Please give every line below again exactly, but not its pictures.

....................

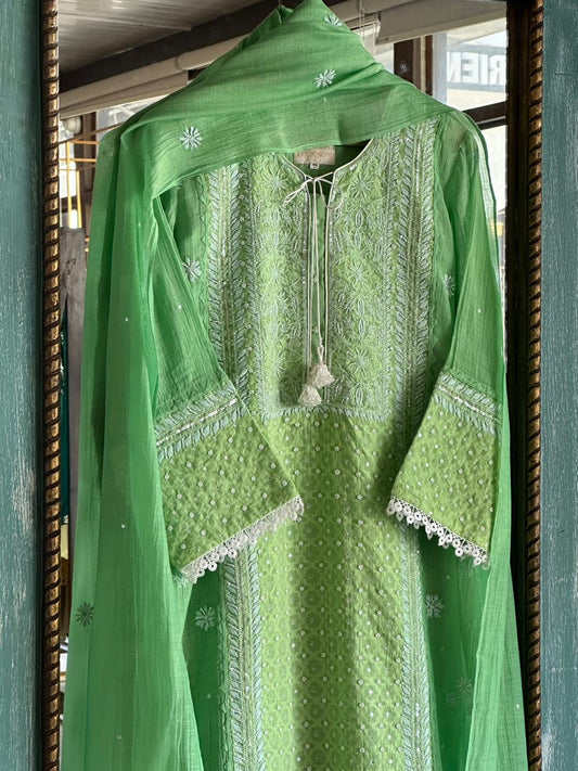 Fluorescent Green Jacquard Pearl Work Chikankari Kurta With Dupatta
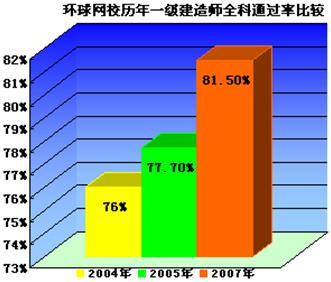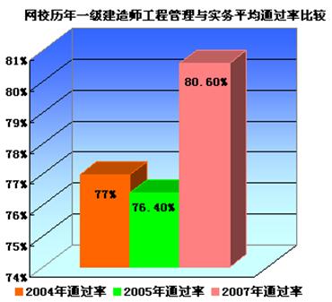 3、環球網校歷年一級建造師工程管理與實務平均通過率比較:三年的通過率分別為2004年的77%,2005年的76.4%和2007年的80.6%
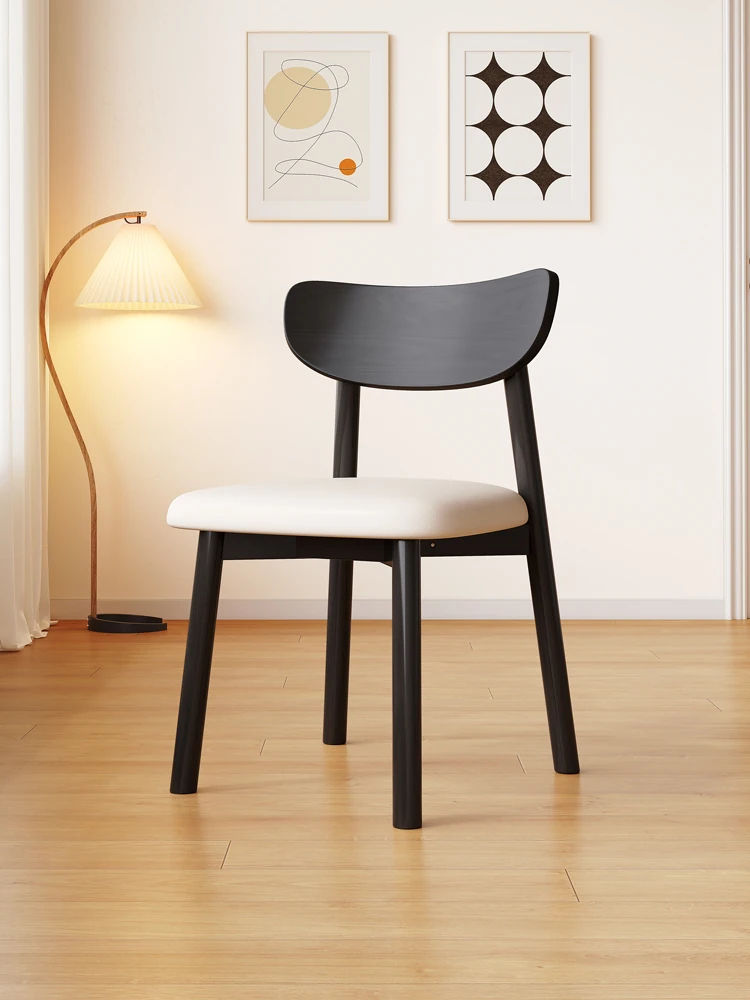 北欧スタイルの無垢材ハリネズミ椅子|レストランやホテルにぴったり!高級感漂うクリーム色の背もたれ付き、シンプルでモダンなデザインの食卓椅子。家庭用にも最適な一品です!
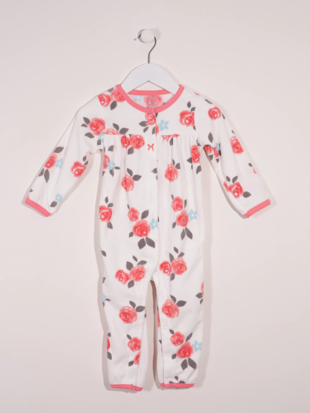 Body de micropolar estampado de flores. Cuello redondo. Mangas largas. Broches snap en delantera y entrepierna con detalles de moños. Medidas - Ancho de hombros: 21 cm. Contorno de pecho: 58 cm. Contorno de cintura: 58 cm. Contorno de cadera: 60 cm. Largo total: 66 cm.
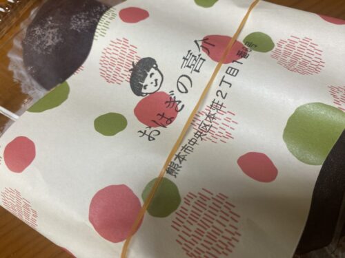 包装紙のデザインも店長さんが自らされていて、このイラストは店名の由来でもあるお孫さんの喜介くんの似顔絵です。インスタにお写真が載っていましたが、滅茶苦茶そっくりでした。
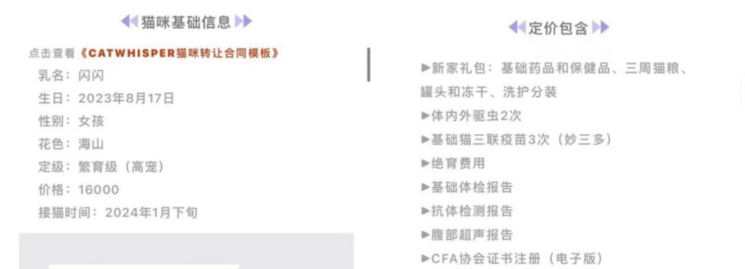 在喂养方面,种猫公猫以生骨肉为主,辅以自制猫饭、罐头、冻干。母猫以猫粮、冻干、自制猫饭并线喂养,罐头以进口德罐和新西兰罐为主。在交易过程中会标注各种细节展示、定价包含服务以及家族基础信息。
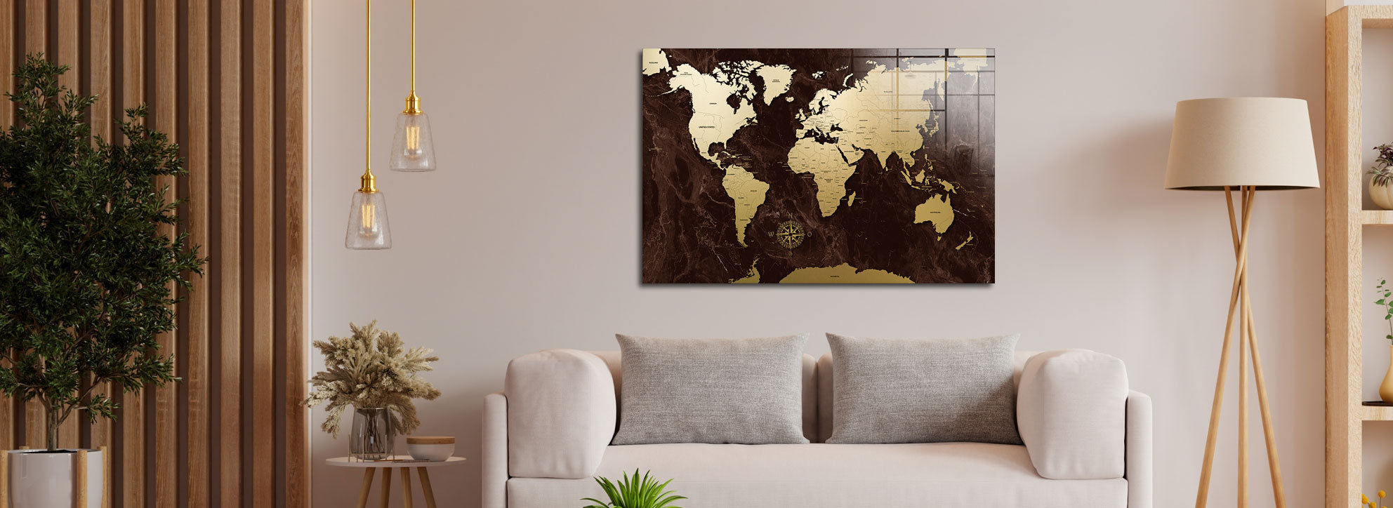 Blattgold Wandbild Weltkarte

....................

*Answer to this exercise*
 Fluorescent Green Jacquard Pearl Work Chikankari Kurta With Dupatta
 3、環球網校歷年一級建造師工程管理與實務平均通過率比較:三年的通過率分別為2004年的77%,2005年的76.4%和2007年的80.6%
 北欧スタイルの無垢材ハリネズミ椅子|レストランやホテルにぴったり!高級感漂うクリーム色の背もたれ付き、シンプルでモダンなデザインの食卓椅子。家庭用にも最適な一品です!
 Body de micropolar estampado de flores. Cuello redondo. Mangas largas. Broches snap en delantera y entrepierna con detalles de moños. Medidas - Ancho de hombros: 21 cm. Contorno de pecho: 58 cm. Contorno de cintura: 58 cm. Contorno de cadera: 60 cm. Largo total: 66 cm.
 包装紙のデザインも店長さんが自らされていて、このイラストは店名の由来でもあるお孫さんの喜介くんの似顔絵です。インスタにお写真が載っていましたが、滅茶苦茶そっくりでした。
 在喂养方面,种猫公猫以生骨肉为主,辅以自制猫饭、罐头、冻干。母猫以猫粮、冻干、自制猫饭并线喂养,罐头以进口德罐和新西兰罐为主。在交易过程中会标注各种细节展示、定价包含服务以及家族基础信息。
 Blattgold Wandbild Weltkarte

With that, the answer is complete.